[Source material]
━━━━

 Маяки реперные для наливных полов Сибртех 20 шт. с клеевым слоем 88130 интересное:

━━━━

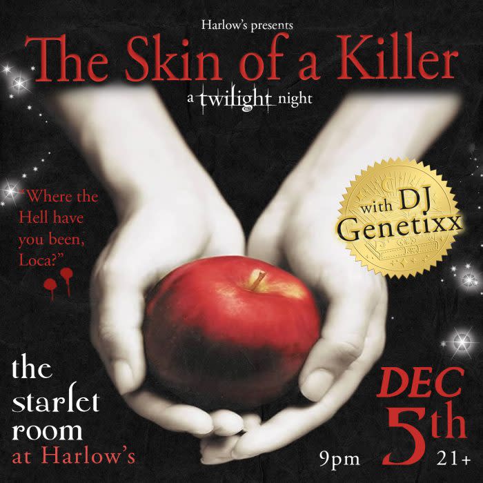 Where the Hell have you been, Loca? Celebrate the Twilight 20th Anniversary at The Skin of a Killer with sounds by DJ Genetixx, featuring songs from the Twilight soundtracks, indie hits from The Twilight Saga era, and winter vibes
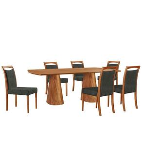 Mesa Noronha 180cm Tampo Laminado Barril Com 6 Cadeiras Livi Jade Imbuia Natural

━━━━

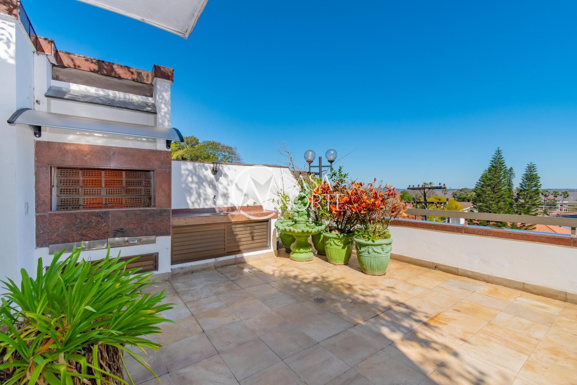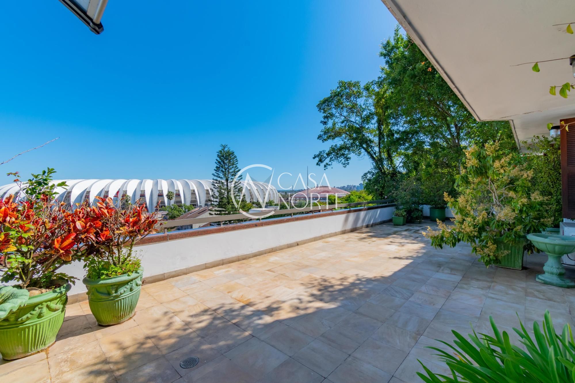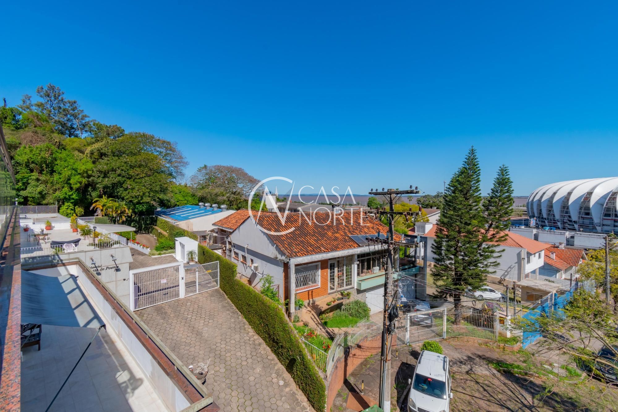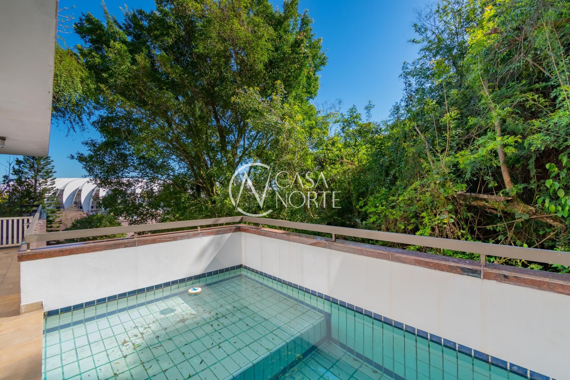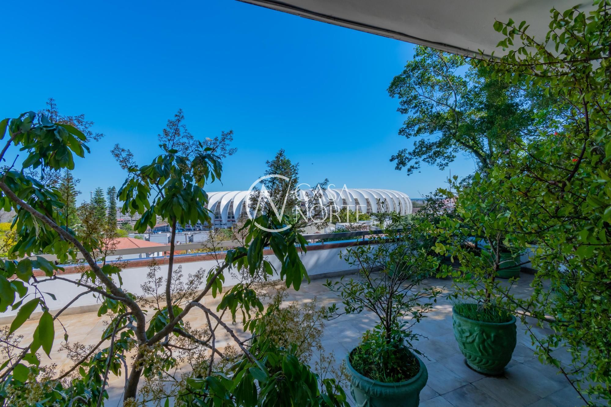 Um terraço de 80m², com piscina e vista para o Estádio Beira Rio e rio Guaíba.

━━━━

[What is needed] When you reach the line containing "Where the Hell" in the entries above, begin restating word for word, and stop once the line containing "Mesa Noronha 180cm" has been given. Omit the pictures.

[Response below]
 Where the Hell have you been, Loca? Celebrate the Twilight 20th Anniversary at The Skin of a Killer with sounds by DJ Genetixx, featuring songs from the Twilight soundtracks, indie hits from The Twilight Saga era, and winter vibes
 Mesa Noronha 180cm Tampo Laminado Barril Com 6 Cadeiras Livi Jade Imbuia Natural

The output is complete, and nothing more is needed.